Start of Block

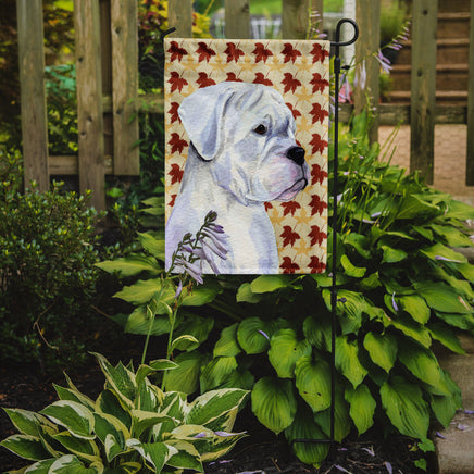 Boxer White Fall Leaves Portrait Flag Garden Size
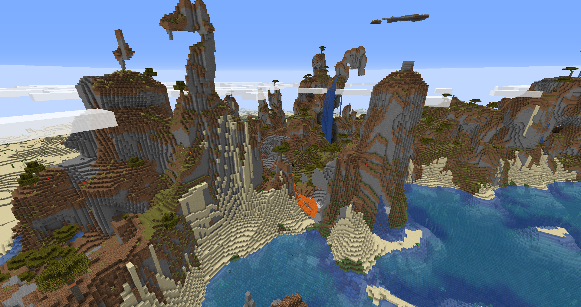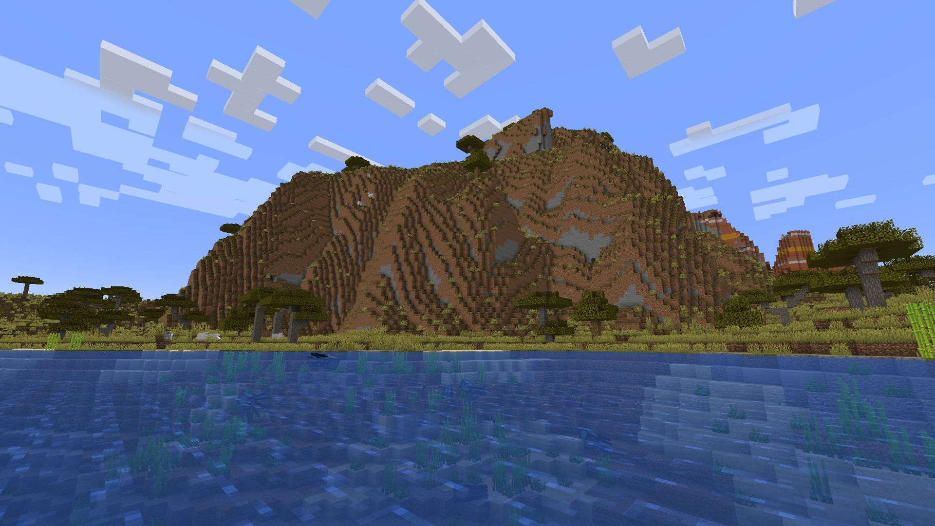 The rare windswept savanna variant generates in areas with high erosion and weirdness, which means that the terrain is arguably the most chaotic in the game, a contrast from the otherwise flat savanna. It is full of extremely steep mountains, enormous overhangs, floating islands and huge waterfalls and lavafalls, with higher and rougher terrain than the windswept hills biome, and can often go past the layer 200. Large and deep lakes often form on the bases of the mountains.
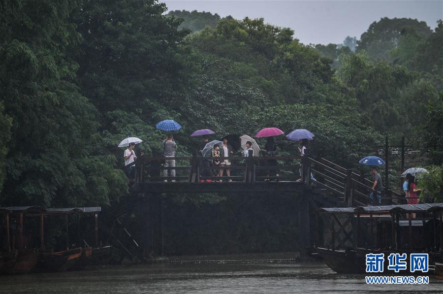 7月13日,游客在浙江省桐鄉市烏鎮景區游覽。 近日,浙江省多地迎來強降水。浙江省防指7月12日下午啟動Ⅳ級應急響應。截至7月11日,浙江自入梅以來平均降水量達357毫米,較往年明顯偏多。 新華社記者 徐昱 攝

End of Block

Say again, word for word, the lines beginning at the top of the data and ending with the line that has "The rare windswept". Skip the pictures.

 Boxer White Fall Leaves Portrait Flag Garden Size
 The rare windswept savanna variant generates in areas with high erosion and weirdness, which means that the terrain is arguably the most chaotic in the game, a contrast from the otherwise flat savanna. It is full of extremely steep mountains, enormous overhangs, floating islands and huge waterfalls and lavafalls, with higher and rougher terrain than the windswept hills biome, and can often go past the layer 200. Large and deep lakes often form on the bases of the mountains.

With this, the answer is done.